ST Microelectronics recently expanded its portfolio of STM32 microcontrollers with the new STM32F7 family. These are the new best-in-class MCUs from ST, with a Cortex-M7 core able to run up to 216Mhz (future releases will run up to 400Mhz with 2000 CoreMark index), with an internal flash up to 1Mb and 360Kb of RAM. STM32F7 is also able to run from external flash memory without performance penalty, thanks to a L1 cache (this is probably the most interesting aspect of these MCUs). STM32F7 are targeted for High-end embedded applications, especially to multimedia ones, and I think that it's far from low-budget applications and hobbyist uses. At the time of writing, these MCUs are quite pricy, ranging from 12€ to 20€/pcs for low-volume orders. This is definitely a really high price, especially if you consider that you can find around Cortex-A7 MCUs for less than 10€. But I think that the price will be dramatically reduced in the future.

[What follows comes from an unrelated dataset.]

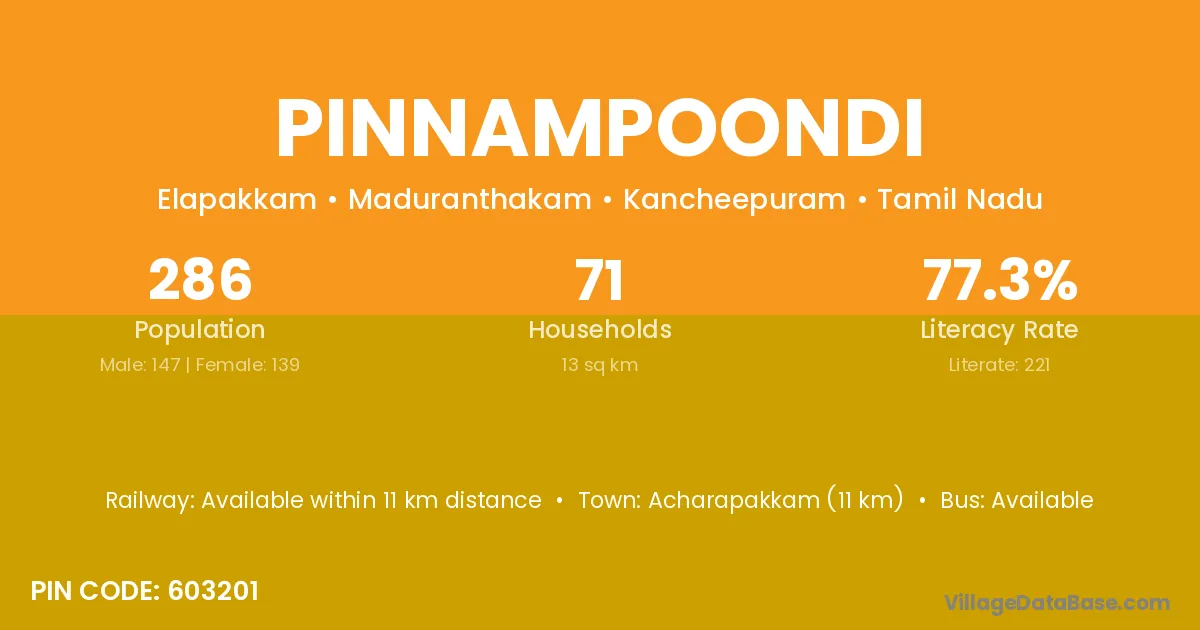 Acharapakkam (11 km) is the nearest town to Pinnampoondi village for major economic activities and is located approximately 11 km away.

ST releases two development kits to start programming with STM32F7 MCUs. One is the STM32756G-EVAL kit. It's really expensive (about €600), and it's targeted to professional users. It's with no doubt the most complete kit for this platform, but it's too expensive for me 🙂 Finally, ST has released the classical discovery kit for this platform: STM32F746G-DISCO. It's sold with a really aggressive price (about €45), and it has a lot of interesting features:
- STM32F746NGH6 microcontroller featuring 1 Mbytes of Flash memory and 340 Kbytes of RAM, in BGA216 package (yes, BGA. Don't try strange things with your board, because it's really difficult to change the micro if something goes wrong).
- On-board ST-LINK/V2-1.
- USB functions: virtual COM port, mass storage, debug port.
- 4.3-inch 480x272 color LCD-TFT with capacitive touch screen
- Camera connector
- SAI audio codec
- Audio line in and line out jack.
- Stereo speaker outputs
- Two ST MEMS microphones
- SPDIF RCA input connector
- Two pushbuttons (user and reset)
- 128-Mbit Quad-SPI Flash memory
- 128-Mbit SDRAM (64 Mbits accessible)
- Connector for microSD card
- RF-EEPROM daughterboard connector
- USB OTG HS with Micro-AB connectors
- USB OTG FS with Micro-AB connectors
- Ethernet connector compliant with IEEE-802.3-2002
- Five power supply options:
- ST LINK/V2-1 (ensure that your USB port is able to provide up to 500mAh)
- USB FS connector
- USB HS connector
- VIN from Arduino connector
- External 5 V from connector
- Power supply output for external applications: 3.3 V or 5 V
- Arduino Uno V3 connectors
STM32F746G-DISCO is currently the cheapest solution to start playing with this platform. A Nucleo-F7 is expected to be released for the end of 2015. STM32Fx-Discovery lovers, however, will be a little bit disappointed by the fact that this board doesn't expose all MCU pins to convenient pin headers, as it happens for other Discovery boards. There are only few signals routed to the Arduino-style connectors, on the bottom of the board. If you need access to other pins, probably it is better to address the more professional STM32756G-EVAL kit. However, bear in mind that STM32F7 was designed to be pin-to-pin compatible with the STM32F4 family. Moreover, consider that another interesting feature of Cortex-M7 cores it that they are binary compatible with Cortex-M4. I made a small test and I can confirm that this is true.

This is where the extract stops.